On the limitation about the water content in the frozen pellet: the water content in the formulation determines the concentration or dose of the enzyme in the pellet. Therefore, it would have been obvious to one of ordinary skill in the art before the effective filling date of the claimed invention to have optimized the concentration of enzyme through varying the amount of water so as to prepare a pellet with desirable dose of enzyme for use in milk. As such, the amount of water as recited is merely an obvious variant of the prior art.
Further, Richter-Friis teaches that in producing the cryogranules of protein/enzyme, the aqueous solutions comprising the protein/enzyme has at least 50% (v/v) water (page 3, line 12-15, 22 and 26).
It would have been obvious to one of ordinary skill in the art before the effective filling date of the claimed invention to have modified Wei by making an aqueous solution that has at least 50% (v/v) water with reasonable expectation of success, for the reason that prior art has established that an aqueous protein/enzyme solutions that comprises at least 50% (v/v) water is suitable for making frozen pellets /beads /cryogranules. Aqueous solution containing at least 50% (v/v) water is interpreted to read on the limitation that water content is at least 20% (w/w).
Wei in view of Parr, Richter-Friis and Sugio teaches a lactase enzyme formulation for treating milk but is silent regarding that the enzyme formulation is a ultra-filtrate from fermentation broth, or is produced by a microorganism, wherein the microorganism or any organism is present in an amount of less than 5x 104 CFU per gram of frozen enzyme formulation.

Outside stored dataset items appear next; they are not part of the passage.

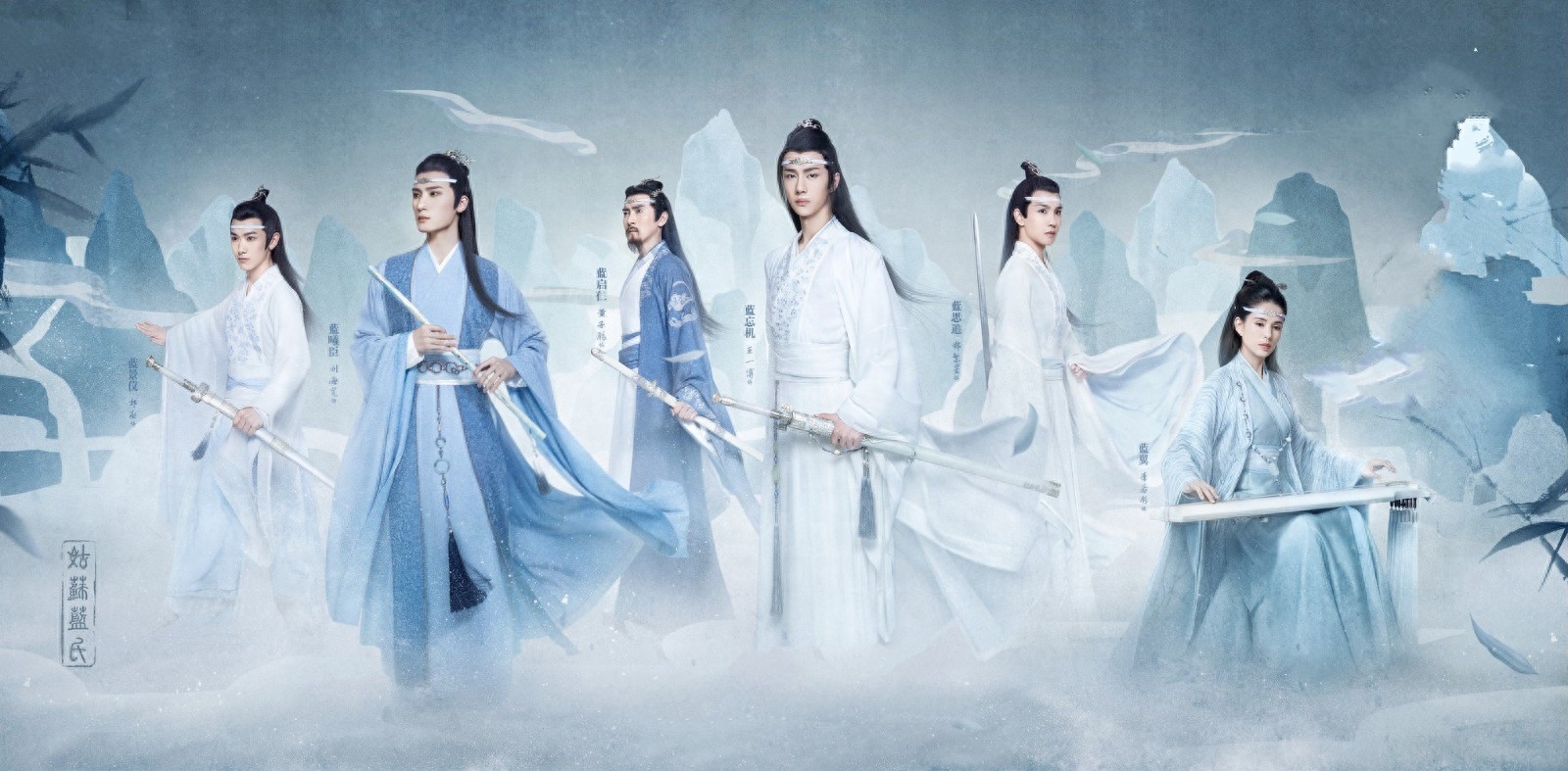 姑苏蓝氏:徽为卷云纹,府阺:云深不知处。位于今天的苏杭一带。家主芜君蓝曦臣,有4000多条家规,崇尚“雅正端方”所教出的弟子个个出类拔萃,是以虽有家训四千多条,但仍有各世家纷纷把弟子送到云深不知处求学。主要人物(依照海报从左至右):
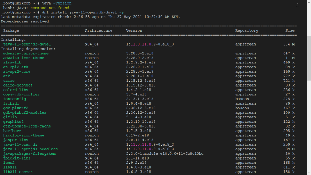 Moving forward, let’s install Java.Apache Tomcat will not work properly if Java is not present on the system.Additionally, we need to ensure that we are installing Java OpenJDK 11. Because it is open-source and a long term release, we will not run into any licensing issues. To accomplish this task, we will use the following command.
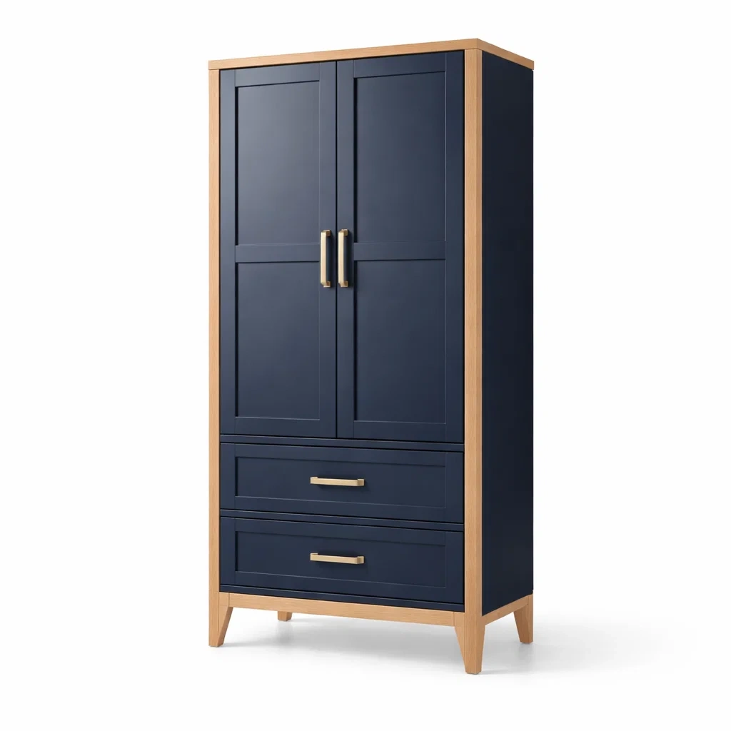 Matériau : Structure en chêne massif, panneaux en MDF pour les portes et tiroirs.
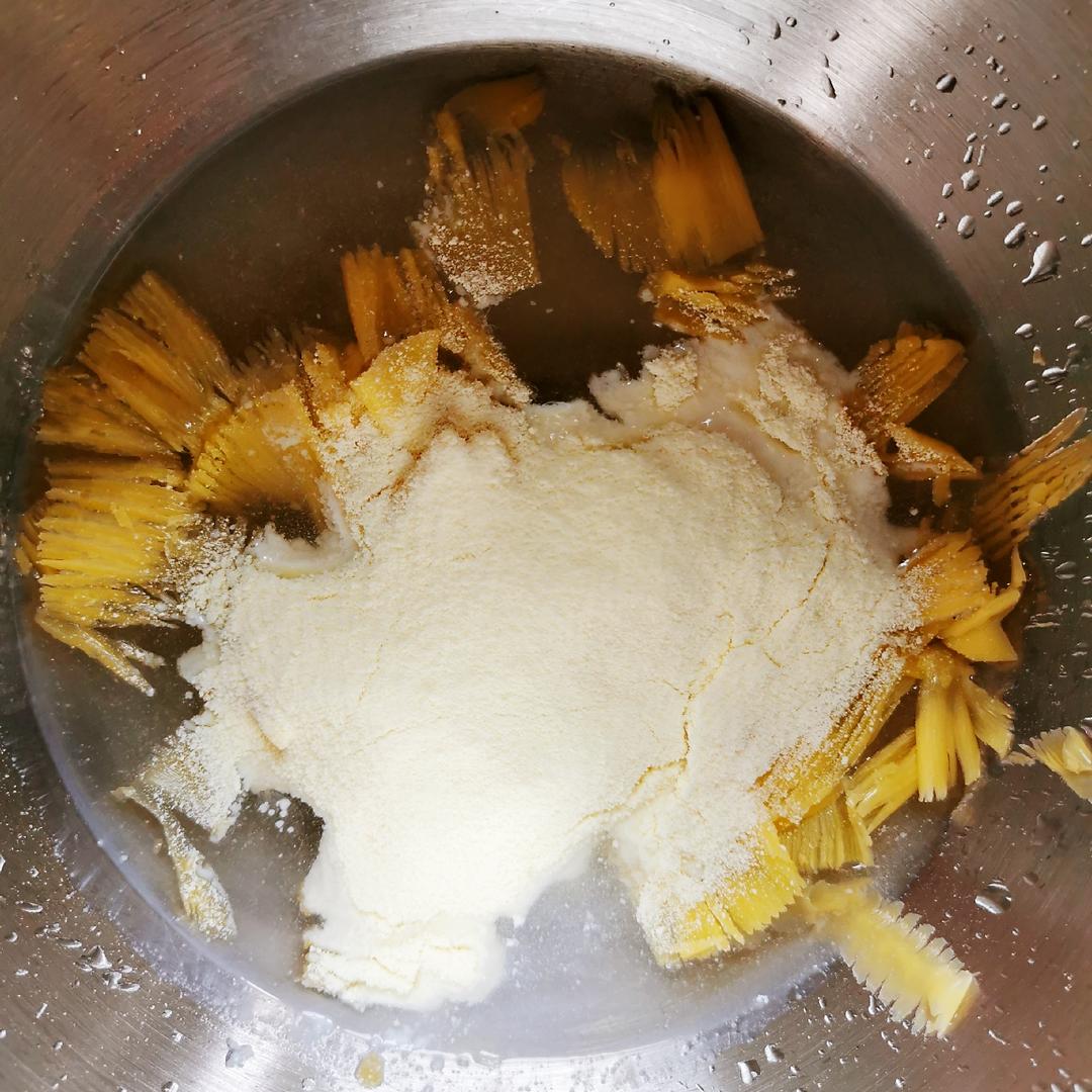 厨师机面桶中依次加入150g清水、15g黄油、65g赤藓糖醇、2g盐、12g全脂奶粉。(照片中看起来量很多,是因为我这次做了两个面包。)
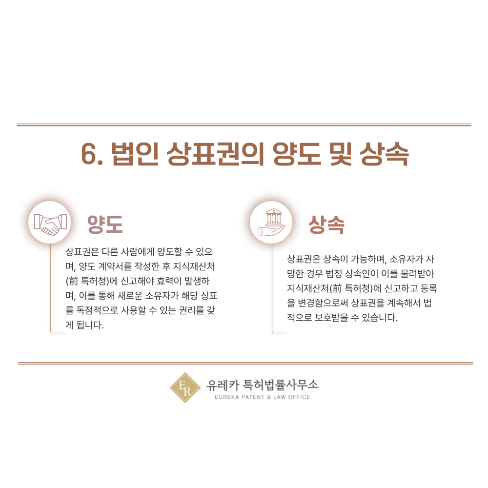 즉, 법인 상표권은 사라지는 것이 아니라 다음 운영 주체에게 이어질 수 있는 자산입니다.
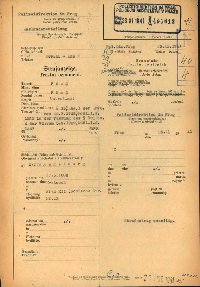 National archives Prague > Police Directorate Prague > 1941-1950 > N > Nagelbergová Berta
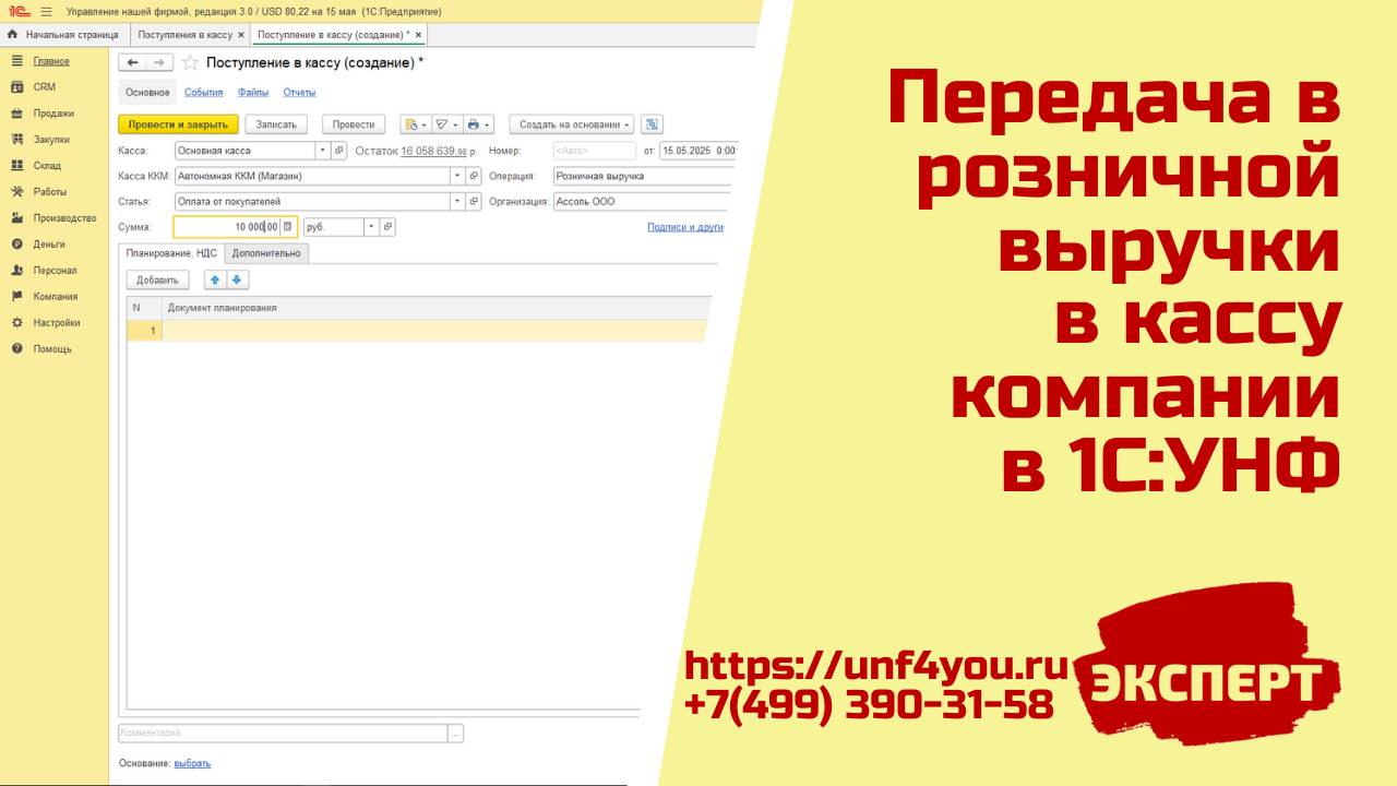 Выручка в банк 1с

Akolkar teaches that lactase could be produced by fermentation of a Lactobacillus acidophilus strain, and the lactase produced could be further purified by ultrafiltration of fermentation broth (e.g., intracellular extract, which is necessarily taken from the fermentation media) to obtain an isolated lactase in the permeate or filtrate (page 1120, “Fermentation for lactase production”, “Instruments” and “Enzyme purification and characterization”; page 1121, “Downstream processing and characterization of lactase”), and the resultant isolated lactase is able to cleave lactose effectively (page 1121, “Comparison with the commercial sample”).
Both Wei and Akolkar are directed lactase. It would have been obvious to one of ordinary skill in the art before the effective filling date of the claimed invention to have modified Wei by using a lactase obtained through purifying through ultrafiltration a microorganism fermentation broth as disclosed by Akolkar with reasonable expectation of success, for the reason that prior art has established that a lactase can be successfully obtained by microbial fermentation and purified by ultrafiltration.

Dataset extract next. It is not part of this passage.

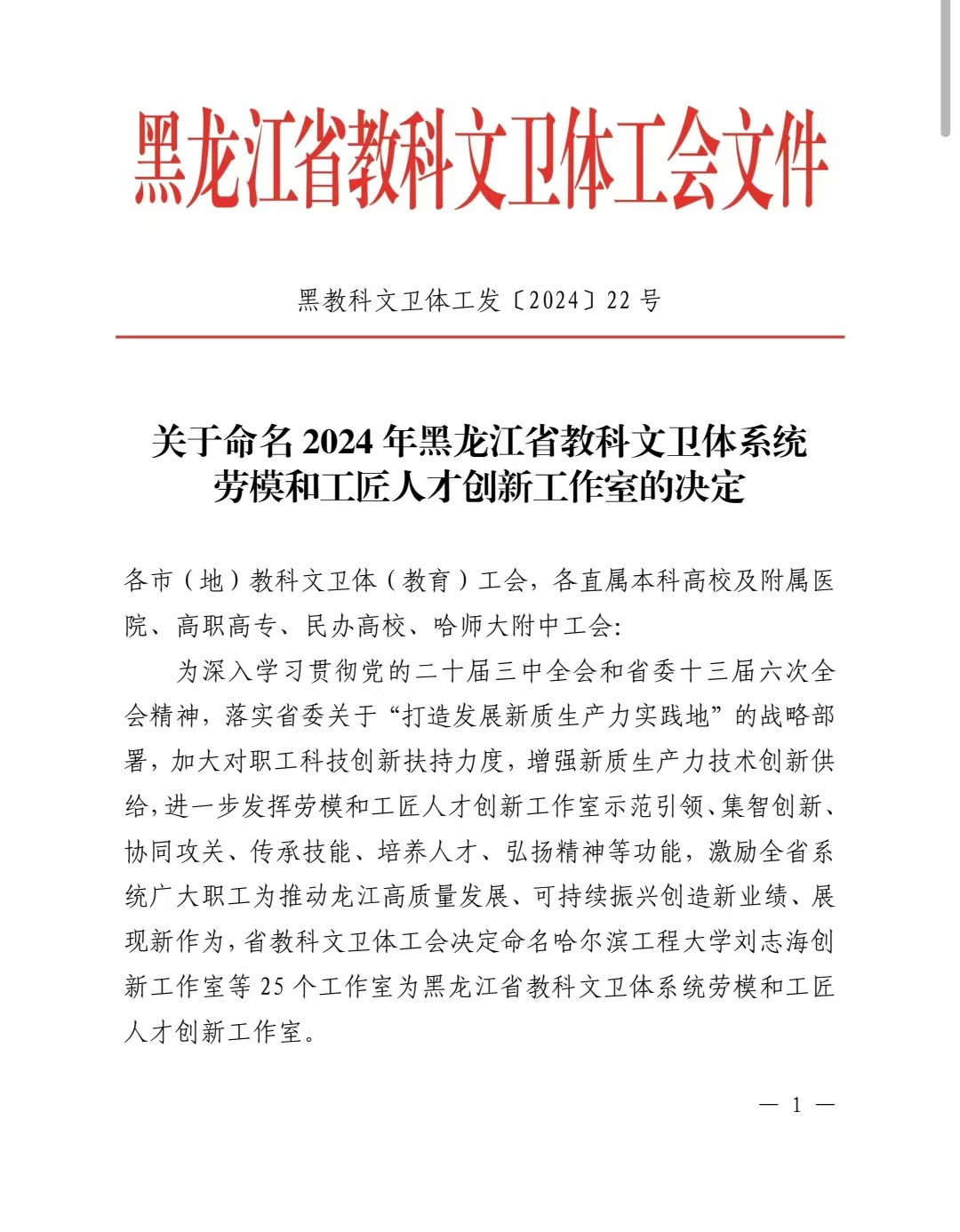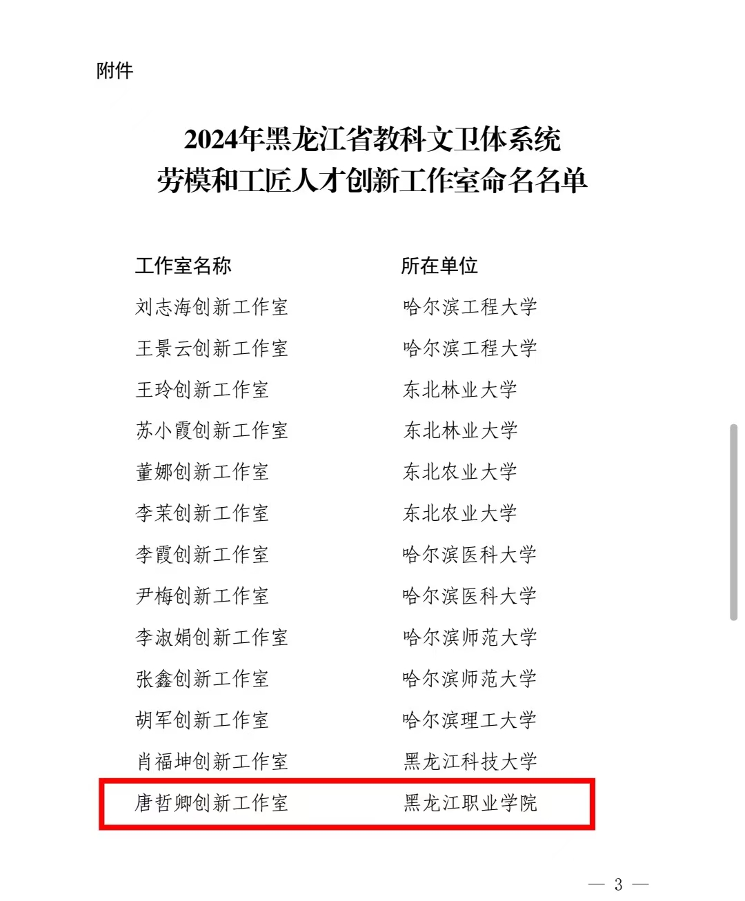 近日,省教科文卫体工会下发《关于命名2024年黑龙江省教科文卫体系统劳模和工匠人才创新工作室的决定》,全省共25个工作室获评省教科文卫体系统劳模和工匠人才创新工作室,金年会唐哲卿创新工作室、杨宏帅创新工作室获此殊荣。
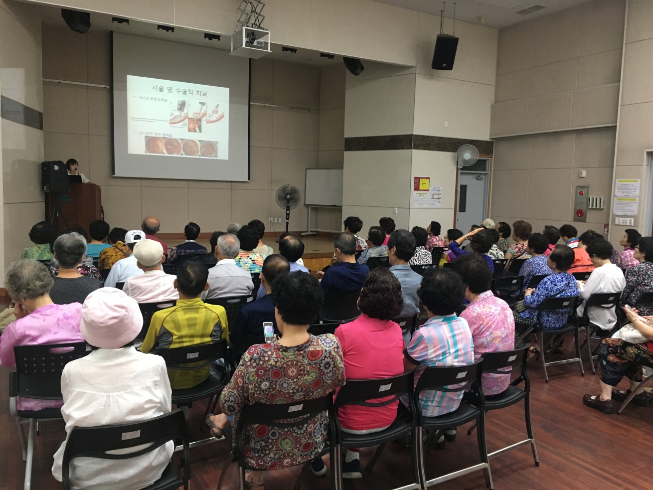 2017년 8월 22일 (화) 가천대 길병원 소화기내과 우현선 교수가 남구 주안노인문화센터에서 80여명을 대상으로 대장암 치료 및 예방관리,대장암 발생의 원인,암예방과 조기암검진의 중요성 등에 대해서 교육하였습니다.

Regarding the amount of microorganism in the frozen enzyme formulation as recited in claims 8-9: Akolkar teaches the microorganism cells are lysed in a homogenizer at a high pressure in two passes followed by ultrafiltration to extract the enzyme (page 1120, “Instruments” and “Enzyme purification and characterization”; page 1121, “Downstream processing and characterization of lactase”). It thus follows that in the resulting filtrate or permeate, the amount of microorganism is low. Further, given that the desired product in the process of Akolkar is lactase enzyme as opposed to the host microorganism or any other microorganism, one of ordinary skill in the art would have been motivated to optimize the above conditions of separation (e.g., lyse and UF) so as to ensure the efficient lyse of the microorganism and recovery of the lactase enzyme. As such, the amount of microorganism as recited in the claims are merely an obvious variant of the prior art.
Regarding claim 21, Wei as recited above teaches a lactase enzyme preparation and a starter culture is added to milk concurrently, and Wei in view of Parr, Richter-Friis, Sugio and Akolkar teaches that the lactase enzyme preparation is in the form a frozen enzyme formulation. Thus collectively, the frozen pellet of lactase formulation and the starter culture reads on the limitation about a product comprising the frozen enzyme formulation in a starter culture.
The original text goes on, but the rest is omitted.